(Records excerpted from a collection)
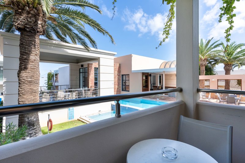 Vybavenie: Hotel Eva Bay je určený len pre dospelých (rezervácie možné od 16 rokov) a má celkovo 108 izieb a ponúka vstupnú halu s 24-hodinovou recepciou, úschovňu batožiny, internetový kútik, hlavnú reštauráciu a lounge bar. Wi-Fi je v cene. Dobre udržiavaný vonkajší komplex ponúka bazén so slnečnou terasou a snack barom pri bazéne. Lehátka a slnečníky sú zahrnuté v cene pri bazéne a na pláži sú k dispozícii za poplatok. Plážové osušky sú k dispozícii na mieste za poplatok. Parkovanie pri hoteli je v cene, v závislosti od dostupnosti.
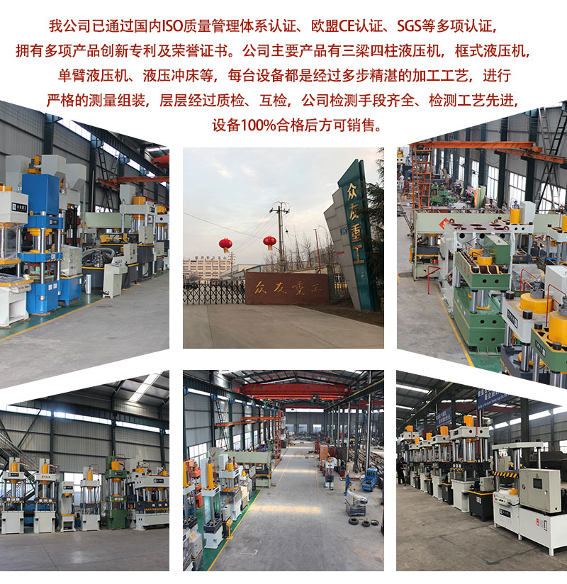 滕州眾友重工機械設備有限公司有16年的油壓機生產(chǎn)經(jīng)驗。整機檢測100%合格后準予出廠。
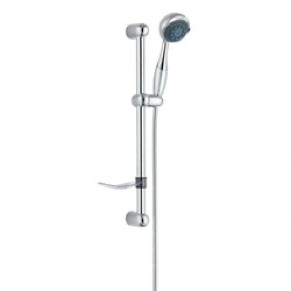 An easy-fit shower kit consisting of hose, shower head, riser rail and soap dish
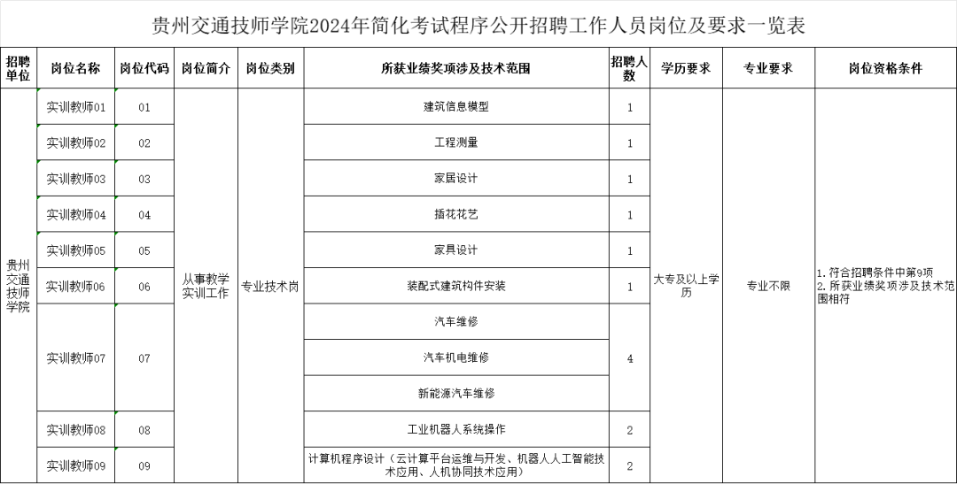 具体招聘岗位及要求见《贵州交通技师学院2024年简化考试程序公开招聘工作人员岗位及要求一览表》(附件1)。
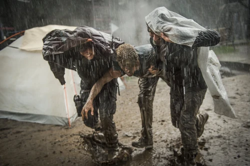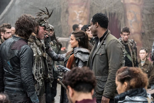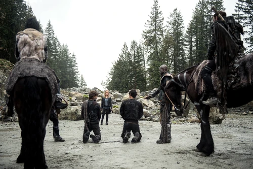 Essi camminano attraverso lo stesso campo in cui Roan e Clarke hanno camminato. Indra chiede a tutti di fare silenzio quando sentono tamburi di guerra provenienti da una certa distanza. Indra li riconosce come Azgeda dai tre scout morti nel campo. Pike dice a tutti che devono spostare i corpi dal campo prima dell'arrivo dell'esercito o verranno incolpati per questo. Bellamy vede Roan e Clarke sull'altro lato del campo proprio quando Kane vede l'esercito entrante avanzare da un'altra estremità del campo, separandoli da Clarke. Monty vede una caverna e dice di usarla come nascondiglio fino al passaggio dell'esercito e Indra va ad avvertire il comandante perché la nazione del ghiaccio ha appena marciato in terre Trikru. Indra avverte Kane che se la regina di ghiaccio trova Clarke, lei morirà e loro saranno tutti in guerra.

» **WORK TO BE COMPLETED**
In this exercise, set down all of the data exactly, without the pictures.

» **SOLUTION**
 Vybavenie: Hotel Eva Bay je určený len pre dospelých (rezervácie možné od 16 rokov) a má celkovo 108 izieb a ponúka vstupnú halu s 24-hodinovou recepciou, úschovňu batožiny, internetový kútik, hlavnú reštauráciu a lounge bar. Wi-Fi je v cene. Dobre udržiavaný vonkajší komplex ponúka bazén so slnečnou terasou a snack barom pri bazéne. Lehátka a slnečníky sú zahrnuté v cene pri bazéne a na pláži sú k dispozícii za poplatok. Plážové osušky sú k dispozícii na mieste za poplatok. Parkovanie pri hoteli je v cene, v závislosti od dostupnosti.
 滕州眾友重工機械設備有限公司有16年的油壓機生產(chǎn)經(jīng)驗。整機檢測100%合格后準予出廠。
 An easy-fit shower kit consisting of hose, shower head, riser rail and soap dish
 具体招聘岗位及要求见《贵州交通技师学院2024年简化考试程序公开招聘工作人员岗位及要求一览表》(附件1)。
 Essi camminano attraverso lo stesso campo in cui Roan e Clarke hanno camminato. Indra chiede a tutti di fare silenzio quando sentono tamburi di guerra provenienti da una certa distanza. Indra li riconosce come Azgeda dai tre scout morti nel campo. Pike dice a tutti che devono spostare i corpi dal campo prima dell'arrivo dell'esercito o verranno incolpati per questo. Bellamy vede Roan e Clarke sull'altro lato del campo proprio quando Kane vede l'esercito entrante avanzare da un'altra estremità del campo, separandoli da Clarke. Monty vede una caverna e dice di usarla come nascondiglio fino al passaggio dell'esercito e Indra va ad avvertire il comandante perché la nazione del ghiaccio ha appena marciato in terre Trikru. Indra avverte Kane che se la regina di ghiaccio trova Clarke, lei morirà e loro saranno tutti in guerra.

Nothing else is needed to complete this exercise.